The Gold Coast City Council operates a public library and public hall in Park Avenue (corner of Ocean Street, ). Burleigh Heads Library is on the ground floor and Fradgley Hall is on the upper floor.

St John the Evangelist Anglican Church is at 14 Park Avenue. It holds services on Wednesday and Sunday.

Infant Saviour Catholic Church is at 4 Park Avenue. It is part of the Burleigh Heads Catholic Parish within the Archdiocese of Brisbane.

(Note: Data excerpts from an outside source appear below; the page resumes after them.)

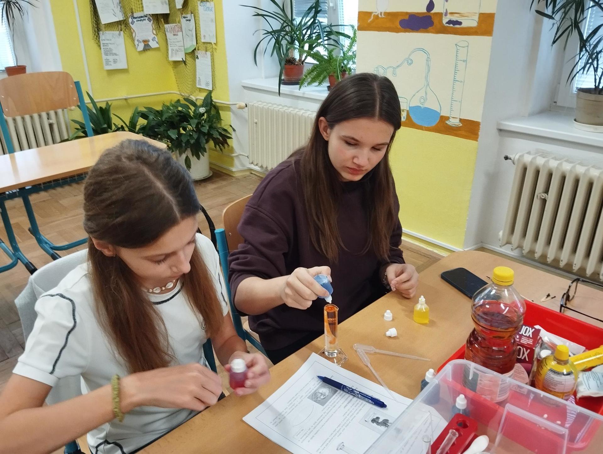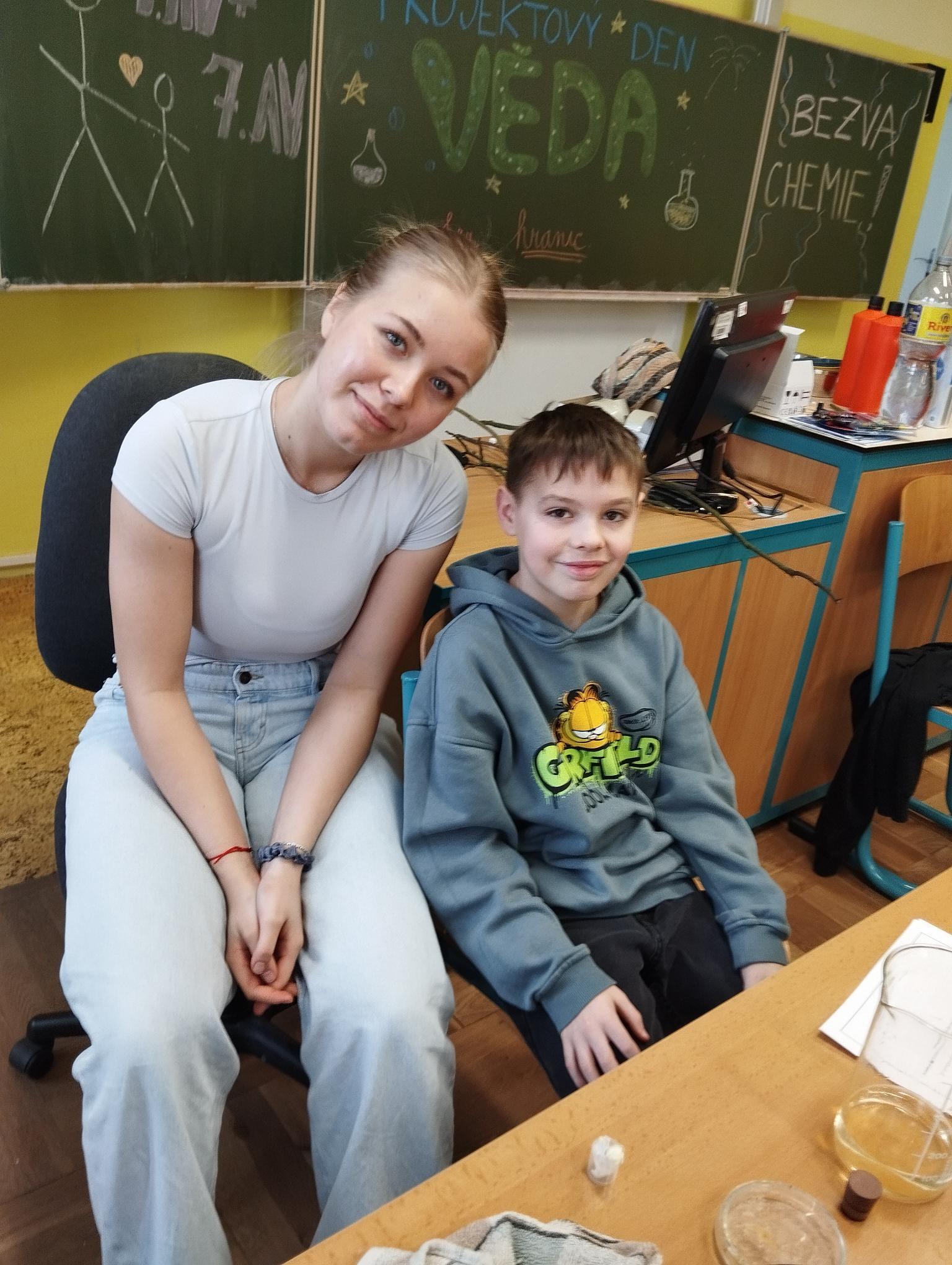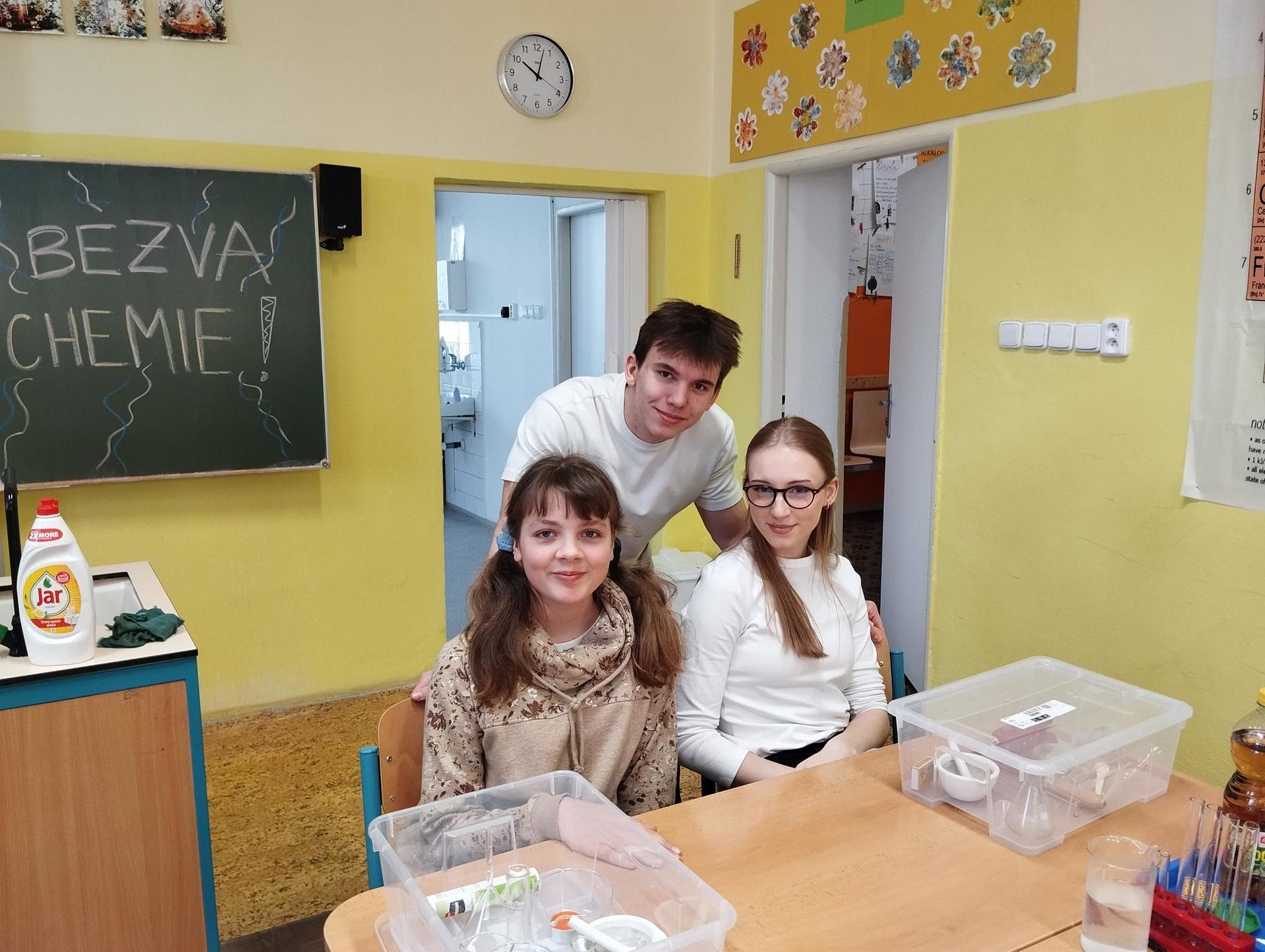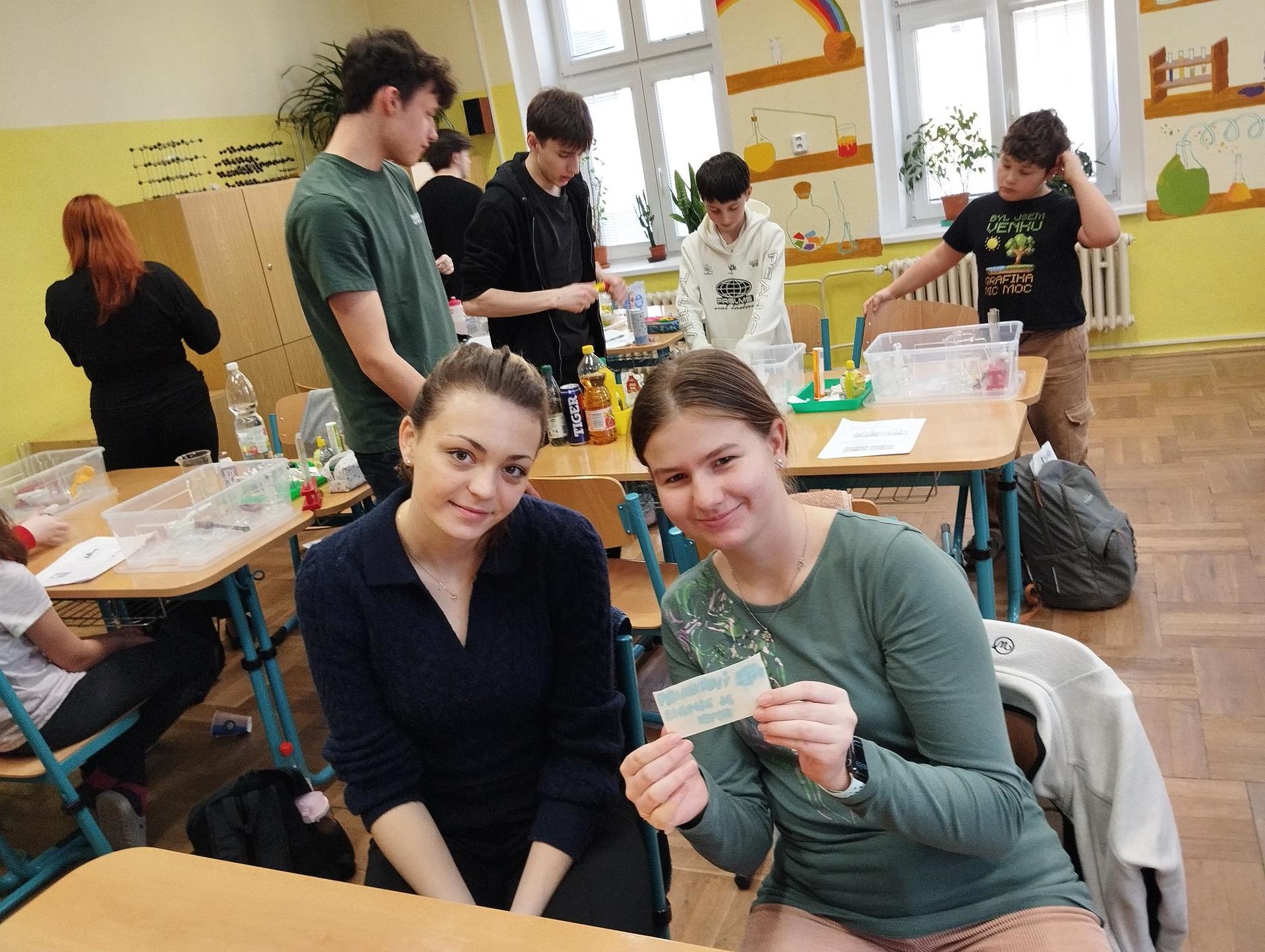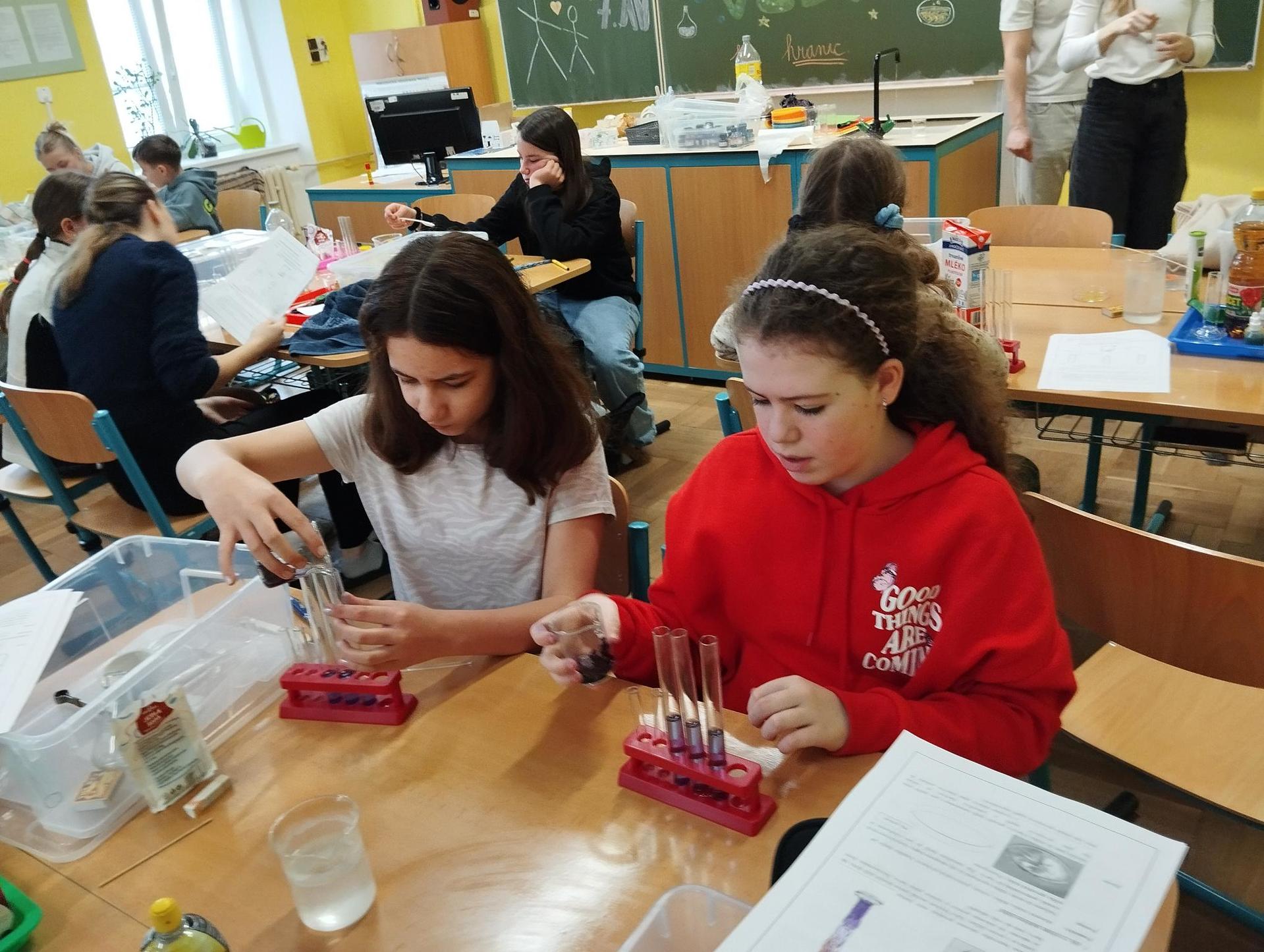 Žáci primy prováděli jednoduché experimenty pod vedením žáků septimy. Společná činnost mladších a starších žáků přinesla nová přátelství, pocit podpory, jistoty a sounáležitosti. Vytvoření příjemné atmosféry a kamarádského přístupu mezi žáky pozvedly projektový den na nezapomenutelný zážitek všech zúčastněných. Děti pracovaly s nově pořízenými laboratorními soupravami, které byly sestaveny pro účely práce s větším počtem žáků v učebně chemie či jakékoliv jiné třídě. A co všechno během projektového dne žáci zvládli? Dokázali přítomnost kyslíku, i když není vidět, nafoukli balonek bez použití vlastního dechu, přesvědčili se, že oxid uhličitý hasí plamen, zjišťovali složení barviv fixů pomocí chromatografie na papíře a křídě, seznámili se s procesem difúze, vyrobili mléčnou duhu, použili výluh z červeného zelí jako přírodní indikátor, pozorovali fluorescenci rostlin, dokazovali přítomnost škrobu v bramborách a rýži, pozorovali škrobová zrna pod mikroskopem a rozluštili tajné písmo. Dále pak pracovali s mikrokapkovacími destičkami, v nichž vytvořili z barevných roztoků obrázek, vyrobili těžišťáka, kterého postavili nejen na různá místa učebny, ale také na rozmanité části svého těla. V části věnované elektřině žáci zapojovali jednoduché elektrické obvody. Pomocí ampérmetru měřili elektrický proud a pomocí voltmetru napětí na jednotlivých částech obvodu. Se stavebnicemi elektroniky sestavovali různé varianty zapojení a ověřovali si, jak se obvod chová při změnách podmínek. Zajímavou částí bylo také zkoumání vlastností diody – žáci si prakticky ověřili, že dioda propouští proud pouze jedním směrem. Další část projektového dne byla zaměřena na optiku. Pomocí spojné čočky žáci hledali obraz předmětu a určovali ohniskovou vzdálenost spojky. Praktickým měřením si tak upevnili poznatky o vzniku skutečného obrazu a jeho vlastnostech. Cíl projektového dne byl naplněn ve všech ohledech, nešlo pouze o experimenty, ale především o spolupráci, vzájemnou podporu a sdílení zkušeností. Spolupráce žáků bude pokračovat nadále, výsledkem budou další projektové dny a Chemická show, kde žáci zúročí své vědomosti a dovednosti a přesvědčí tak rodiče a veřejnost, že věda je zábava!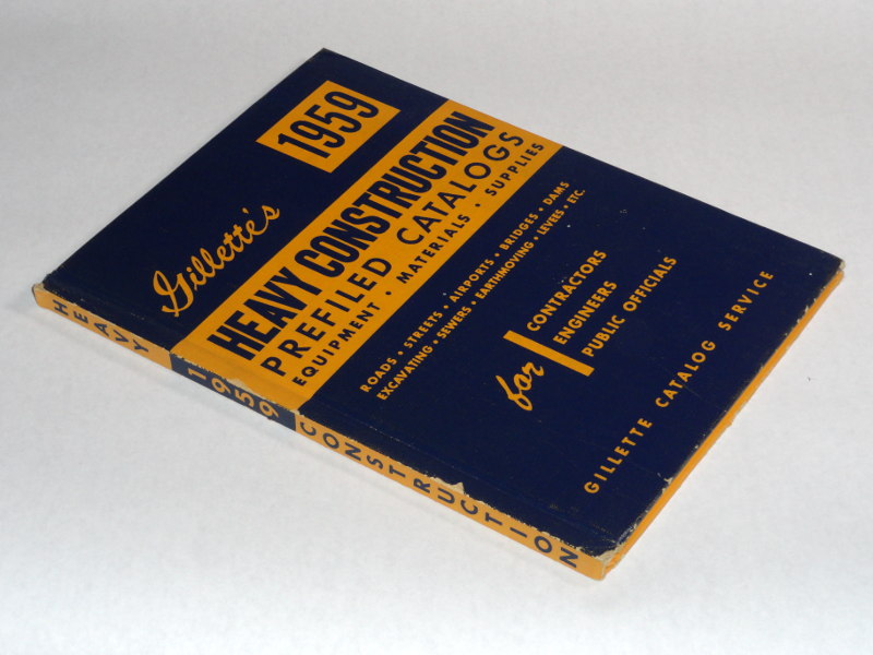 | 14930 | Gillette, W. E., President | Gillette's Heavy Construction Prefiled Catalogs 1959 | Gillette Catalog Service | Good. Spine has some scraping on the side and wear on the top. No dust wrapper. | 8.5 x 11 inches, many b&w illustrations of commercial, heavy construction equipment. | Heavy construction, automotive | $75 |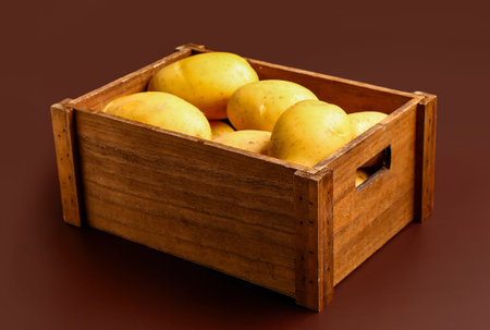 Fresh potatoes in a wooden box.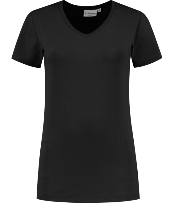 T-shirt, 50% gekamd katoen / 50% polyester, 180 gr/m², single jersey, ladies fit met korte mouwen, schouders voorzien van een dubbele laag stof voor extra versteviging en halve maan, V-hals met 1×1 ribboord en anti-microbiële afwerking. (Sport grey is melange: 85% gekamd katoen / 15% viscose).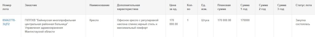 ГКППХВ «Бейнеуская многопрофильная центральная районная больница» управления здравоохранения Мангистауской области заказала «офисное кресло с регулировкой наклона спинки, черный стиль и максимальный комфорт» за 170 тысяч тенге.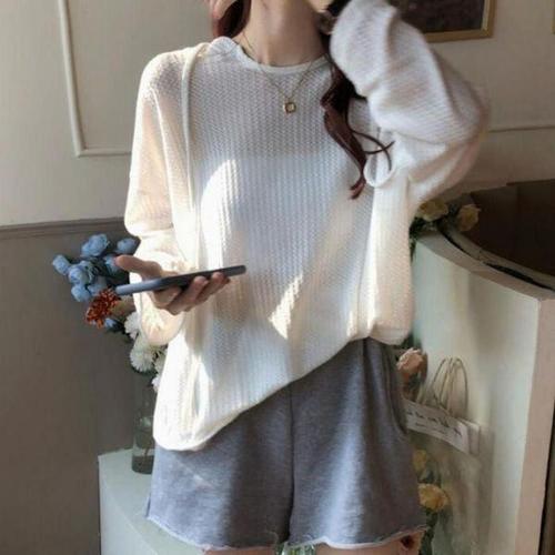[셀러허브_여성트랜드패션]ONM 후드 긴팔 티셔츠 얇은 니트 시스루 루즈핏 데일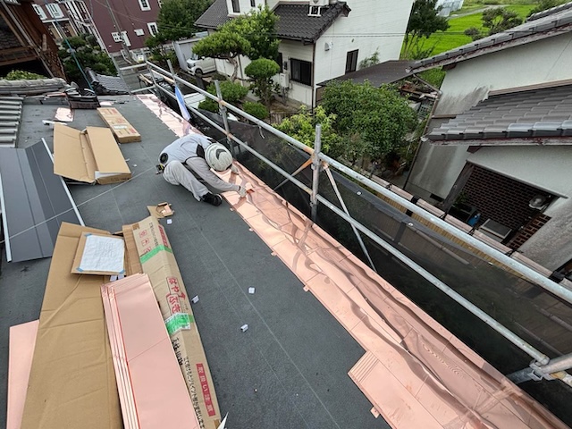 銅板屋根とは、純銅(じゅんどう)を薄く伸ばした金属屋根で、日本建築や神社仏閣にも古くから使用されています。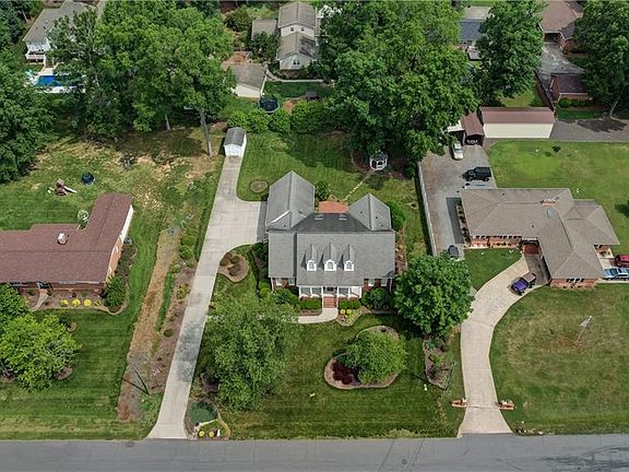 Custom Brick Home 4 Bedrooms 4 Full baths in great neighborhood close to schools, shopping, restaurants, and golf course. Covered rocking chair front porch, 10 ft ceilings in main living area, hardwood floors, large sunroom, laundry room with full bath on main level. Primary suite on main level with dual walk in closets. Second bedroom on main level with 2 more bedrooms and large game room on 2nd floor. Home features ample storage space with walk in attic, eave storage, several closets, and additional storage room located off the oversized 2 car garage. Lots of custom features, great landscaping, sprinkler system, concrete drive with additional parking pad beyond the garage. Storage building and gazebo to convey with the property. Sunroom with skylights not included in the heated finished sq ft.

Burleigh Heads Uniting Church is at 2 Burleigh Street. It is the amalgamation of the former Methodist and Presbyterian churches in Burleigh Heads as part of the establishment of the Uniting Church in Australia in 1977. The current church building was opened on 16 September 1990.

==Sport and recreation==

===Surfing===
- Stubbies Surf Classic Burleigh Heads 1977–1988
- The Quiksilver Pro is often contested at Burleigh Heads when the surf is not contestable at Kirra or Snapper Rocks.
- The Breaka Burleigh Pro Burleigh Boardriders Single Fin Classic and many other amateur and junior events are also contested each year.
- Professional/World tour Surfers Peter Harris and Jay Thompson

===Others===

| Sport | Club | Venue |
|---|---|---|
| Australian rules football | Burleigh Bombers | Bill Godfrey Oval |
| Basketball | Burleigh Blades | Tallebudgera Recreation Centre |
| Bowls | Burleigh Heads Bowls Club | Memorial Park |
| Boxing | Sanctum Forge Boxing Gym Opetaia Boxing Club | Kortum Drive Hutchinson Street |
| Brazilian Jiu Jitsu | Gracie Barra Burleigh Heads Full Metal Jiu Jitsu Southside BJJ | Kortum Drive Ramly Drive Calabro Way |
| Cricket | Burleigh Bullsharks | Bill Godfrey Oval |
| Golf | Burleigh Golf Club | Burleigh Golf Course |
| Muay Thai / Kickboxing | Boonchu Muay Thai Gym | Kortum Drive |
| Rugby league | Burleigh Bears | Pizzey Park |
| Soccer | Burleigh Bulldogs | Pizzey Park |
| Surf lifesaving | Burleigh Heads SLSC North Burleigh SLSC | Mowbray Park Ed Hardy Park |
| Tennis | Burleigh Heads Tennis Club Gold Coast Albert Tennis Club | Burleigh Tennis Centre GCA Tennis Centre |
| Field hockey | Hockey Burleigh Club | Ken Hunt Park |

==Attractions==
The north-east facing beach is protected by the cape Burleigh Head to the south and offers one of the best swimming, body boarding and surfing beaches on the Gold Coast. A mature stand of Norfolk Island pines – originally planted by the Justins family and reputably some of the earliest planted at the coast – and more recent plantings together totalling some 450 Norfolk Pines; form a backdrop and are home to native birds.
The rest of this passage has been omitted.